Improving causal inference in rheumatic diseases research by integrating observational and genetic epidemiology
Approved Research ID: 72723
Approval date: October 18th 2021
Rheumatic and musculoskeletal diseases (such as rheumatoid and osteoarthritis) are the leading causes of disability and loss of work productivity in developed countries. Their impact on individuals and societies will increase with ageing populations. Traditional research methods to identify risk factors for, and health-related consequences of, rheumatic diseases have inherent weaknesses. For example, body fat correlates with arthritis risk, but these research methods cannot tell us whether one causes the other and which way around. Untangling cause and effect is important because, for example, reducing body fat can only prevent arthritis if body fat causes arthritis, not if arthritis changes body fat. Inability to determine cause and effect is the same reason that the majority of molecules linked to arthritis do not translate into effective drug treatments. Newer scientific methods that borrow strength from genetic data can address these weaknesses and make existing research findings more relevant to public health policy and drug-development to prevent or treat rheumatic disease. We propose three objectives to address this overarching aim. We will investigate risk factors that can be modified to prevent rheumatic diseases (Aim 1) and, in reverse, whether rheumatic diseases influence risk factors or other diseases (Aim 2). We will incorporate genetic data to improve accuracy of disease definitions (Aim 3), which will help all future UK biobank studies of these diseases and is required to achieve Aims 1 and 2.

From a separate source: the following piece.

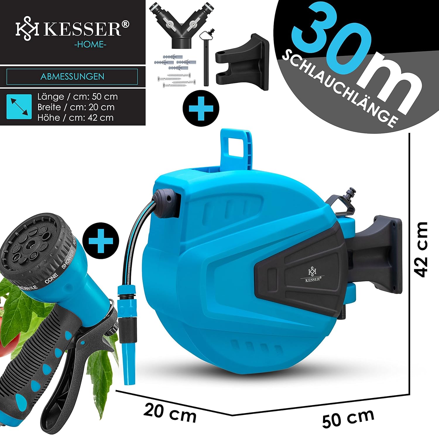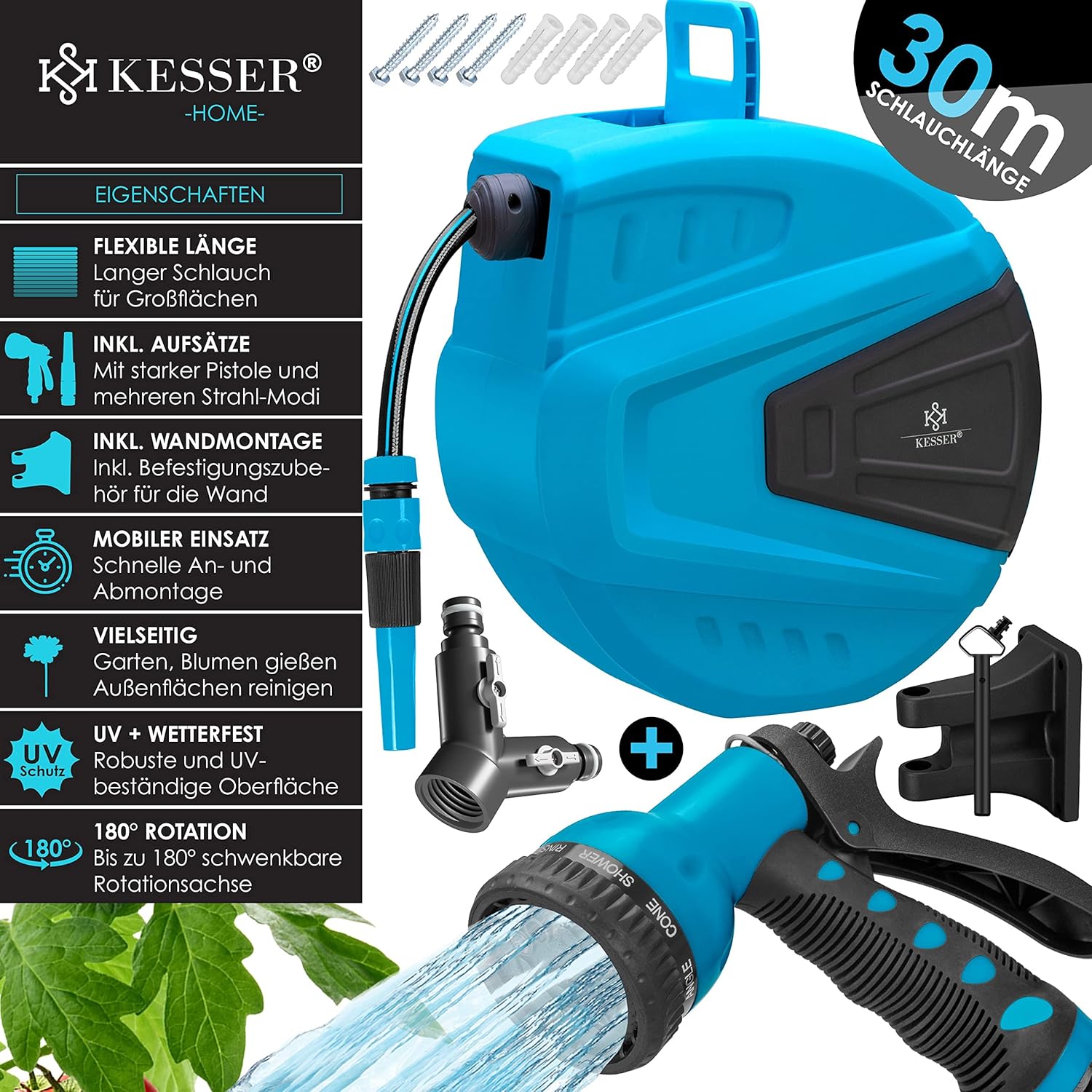 Wasserspaß ohne Grenzen – mit dem Kesser® Gartenschlauchaufroller 30 m + 2 m Zusatzschlauch und 9-Funktionen Handbrause! Dank automatischer Schlauchrückholung und Zentrifugalbremse ziehen Sie den Schlauch mühelos auf die gewünschte Länge – er rollt sich nach Gebrauch blitzschnell von selbst zurück. Sparen Sie Zeit und Rückenschmerzen: Die 180° schwenkbare Wandhalterung macht lästiges Kurbeln und Bücken…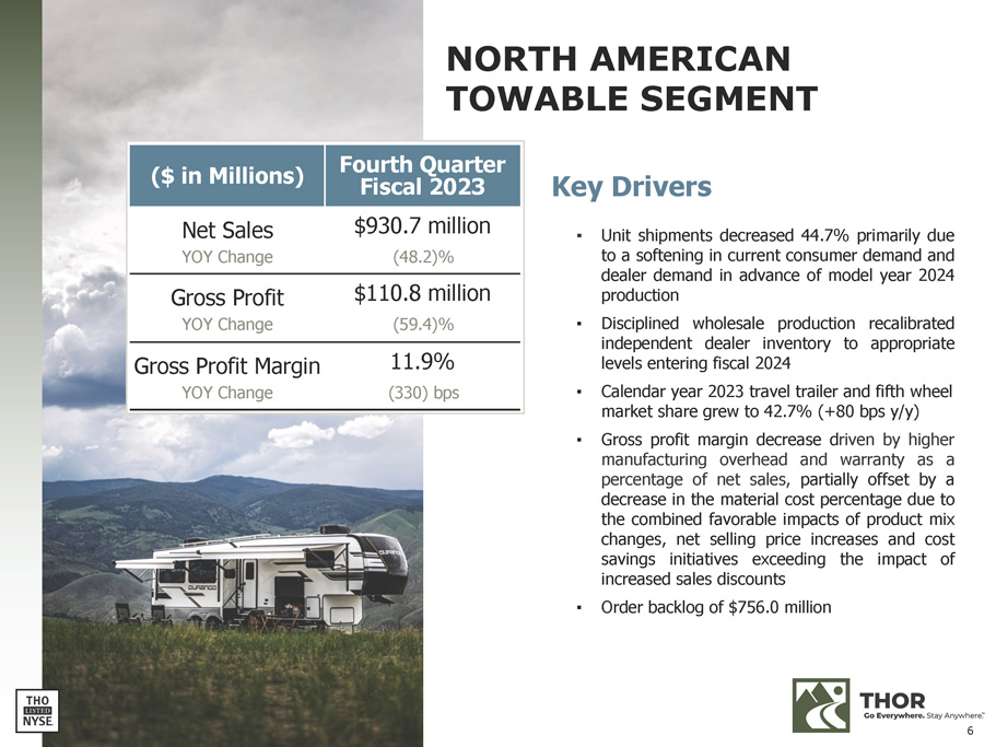 $1,152.0 $5,741.3 $8,761.2 $5,548.6 $693.2 $2,763.7 $9,284.2 $2,571.0 $756.0 $458.8 $1,451.6 $4,014.7 $3,436.6 $1,242.9 $1,526.0 $3,559.1 $2,753.6 $3,549.7 NA Towables NA Motorized European (4) Includes Tiffin backlog subsequent to the December 2020 acquisition of the Tiffin Group 07/31/19 07/31/20 07/31/21 07/31/22 07/31/23 European $1.02 bn 37.2% NA Motorized $0.66 bn 24.0% NA Towable $0.93 bn 34.0% Other $0.13 bn 4.8% 103,400 63,900 58,300 87,500 7/31/19 7/31/20 7/31/23 NORTH AMERICAN INDEPENDENT DEALER INVENTORY OF THOR PRODUCTS 127,000 RV BACKLOG OF $5.55 BILLION (36.7)% $16,858.1 Inventory Units (3) Includes units of Tiffin products subsequent to the December 2020 acquisition of the Tiffin Group (1) As compared to the fourth quarter of fiscal year 2022 (2) Attributable to THOR Industries FOURTH QUARTER OF FISCAL YEAR 2023 Gross Margin 14.4% (310) bps (1) (2) Diluted EPS $1.68 (67.4)% (1) Net Sales $2.74 billion (28.4)% (1) (3) (3) (4) (4) (3) 7/31/21 7/31/22 Unit Shipments 47,152 (31.2)% (1) 5 (4) Net Sales

Genetic epidemiology can complement traditional observational study designs to improve causal inference. We propose to integrate genetic data (e.g., using Mendelian randomisation) to:
1) Investigate the causal roles of risk factors on rheumatic diseases. Specifically, we will focus on two groups of risk factors: a) environmental and lifestyle risk factors, such as body fat composition and smoking, that may be modifiable to prevent disease; b) plasma proteins, such as cytokines, that may have potential as therapeutic targets.
2) Investigate the causal roles of rheumatic diseases on health outcomes. These will again form two groups: a) diseases causing morbidity and mortality such as cardiovascular and malignant diseases; b) general health outcomes such as lifestyle factors and healthcare costs.
3) Refine rheumatic disease phenotypes. Disease populations identified using diagnostic codes or self-report can lack accuracy. By contrast, formal genome-wide association studies (GWAS) typically use more robust and homogenous disease definitions. Genetic data from the latter can be used to assess and improve robustness of phenotype definitions; for example, if genetic correlation between self-report and gold-standard disease definitions are poor, then the former may require refining before being used to identify patient populations.
Scope clarification: 1) By rheumatic diseases, we intended to refer to rheumatic, musculoskeletal and related immune mediated inflammatory diseases (IMIDs). For example, studying psoriatic arthritis without studying psoriasis (not a rheumatic disease) is incomplete since both belong to the umbrella of psoriatic disease; another example is spondyloarthritis and extra-skeletal manifestations of uveitis or inflammatory bowel disease. 2) When investigating potential protein drug targets, it is also necessary to examine potential adverse effects which would require extending such analyses to other relevant diseases. For example, studying interleukin-6 inhibition for polymyalgia rheumatica is incomplete without investigating potential harmful effects on cardiovascular or gastrointestinal diseases. Both points of clarification aim to harmonise Aims 1 and 2.